Angkasa Pura 2

Bandara Ahmad Yani Mestinya Dapat Rekor MURI

BandaraMinggu, 13 April 2014
Semarang Barat-20140413-00516_edit

SEMARANG (beritatrans.com) – Datang untuk terbang dari Bandara Ahmad Yani, Semarang, dapat dipastikan berjumpa dengan ‘tradisi’ calon penumpang pesawat uyel-uyelan di terminal keberangkatan.

Bisa disebut ‘tradisi’ karena situasi dan kondisi itu memang sudah berlangsung amat lama. Bertahun-tahun. Tanpa pernah ada aksi konkret untuk menghapus atau setidaknya mengurangi bertumpuknya calon penumpang burung besi.

Paling nyar, beritatrans.com mesti menggunakan bandara tersebut untuk terbang ke Bandara Halim Perdanakusuma, Minggu (13/4/2014) sore. Ada tiga jadwal pesawat yang berhimpitan sore itu yakni Garuda Indonesia, Lion Air dan Citilink.

Karena datang bersamaan, ratusan calon penumpang terlihat uyel-uyelan di terminal keberangkatan.
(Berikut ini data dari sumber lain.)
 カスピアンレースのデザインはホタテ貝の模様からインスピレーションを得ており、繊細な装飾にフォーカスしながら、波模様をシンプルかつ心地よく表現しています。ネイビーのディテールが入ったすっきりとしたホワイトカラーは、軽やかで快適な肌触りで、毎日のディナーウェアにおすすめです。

Di antara mereka, banyak yang memanfaatkan kursi di kafe atau lantai terminal untuk duduk.

Padahal bandara ini merupakan infrastruktur transportasi udara di ibukota Jawa Tengah. Menjadi pintu gerbang sekaligus salah satu penggerak perekonomian daerah.

Setelah terminal Bandara Husein Sastranegara, Bandung, diperbaiki dan diperluas bulan depan, maka Bandara Ahmad Yani menjadi satu-satunya bandara ibukota provinsi di Pulau Jawa, yang terminalnya melayani penumpang dengan ruang yang sempit.
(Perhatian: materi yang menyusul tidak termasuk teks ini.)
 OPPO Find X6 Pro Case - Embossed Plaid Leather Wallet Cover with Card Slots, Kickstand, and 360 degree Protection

Dengan posisi tunggal itu, maka rasanya pantas bagi Bandara Ahmad Yani untuk menyabet Rekor MURI (Museum Rekor Indonesia) sebagai bandara di ibukota provinsi di Pulau Jawa, yang mempertahankan ‘tradisi’ penumpang uyel-uyelan.
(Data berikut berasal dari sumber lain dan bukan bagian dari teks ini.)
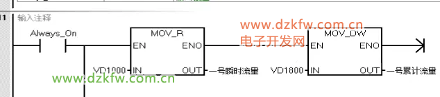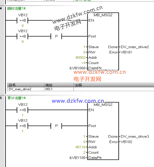 瞬時(shí)流量的地址是40002,正向累計(jì)流量地址是40116,分別存放在VB1000開始的地址和VB1100開始的地址內(nèi)。

Bisa juga ditambah rekor bandara yang masih memberikan pelayanan kepada calon penumpang pesawat untuk menikmati tradisi lesehan.

Rakyat Indonesia mungkin paham bahwa manajemen PT Angkasa Pura I sebagai pengelola bandara dan TNi AD sebagai pemilik lahan bandara, pasti risau dengan kondisi itu. Rencana pengembangan bandara sudah dipersiapkan dengan matang, termasuk urusan pendanaannya.

Tetapi rakyat juga paham kalau akhirnya rencana itu mesti terganjal oleh permintaan dari Kementerian Keuangan agar PT Angkasa Pura I menaikkan uang sewa lahan bandara tersebut.

Disebut terganjal karena PT Angkasa Pura I konon berkeberatan dengan besaran uang sewa seperti digariskan Kementerian Keuangan. Alasannya, bila uang sewa dinaikkan maka biaya investasi menjadi lebih mahal.

Rasanya wajar saja bila rakyat juga paham bahwa perbedaan kalkulasi antara Kementerian Keuangan dengan PT Angkasa Pura I, yang berpotensi menyebabkan pengembangan bandara menjadi molor dari jadwal tersebut bisa juga tercatat dalam Rekor MURI. (aw).